Third, to think that they are not usually found in Canada "because it's too cold" is completely false. The Southern part of Canada is hot in the summer. I live about 4 hours east of Vancouver, BC (in Canada) and in the summer, our temperatures run at up to 40° celcius from June through August. That's almost 110° farenheit for you Americans. So we absolutely do get plenty hot in the summer, hot enough to have plenty of black widows around. (What I don't understand is why most of Americans I've met seem to believe that the second they step over the border into Canada, they're going to be up to their armpits in snow, with igloos everywhere. Even if it is the middle of the summer. We have normal houses and subdevelopments like everyone else, and I've never even seen an igloo! For BC, think Washington State.)..... but I digress....

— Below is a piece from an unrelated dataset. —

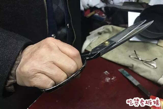 这皮衣不像布一样好剪,肖师傅剪起来要费点力,指关节上厚厚的一层老茧就是这么多年拿剪刀留下的。

My point is that it is plenty hot enough for black widow spiders to thrive here in Canada. I've had them in the yard of every single home I've ever lived in for my entire life. Unfortunately, my current yard is also infested with them. For the last 2 months, both July and August, I have been battling them and killing as many as I see. We have a 6 year old child in our home and I am well aware that the bite from a black widow could easily kill her. So I've been struggling to keep on top of it. She knows not to go near the webs and if she sees a widow, not to go near it, but come and get me. At one point this summer, she was walking on a ledge next to our air conditioning unit and her leg actually brushed a female widow that was making it's way from one place to another. I yanked her off the ledge so hard and fast I nearly dislocated her arm! She managed to not get bit, and I managed to squash it with my shoe. Over the last 2 months I've killed 17 large female widows, and 7 males. I also killed about a hundred babies that had hatched at one point by using a spider killing spray, and I drowned about 9 egg sacks as well. My husband says I'm never going to kill them all, and I know he's right, but it still makes me feel a little better knowing that's one less black widow that could potentially bite and kill my child.

The article was good. But perhaps you need to check your facts out a little more thoroughly before making grand statements.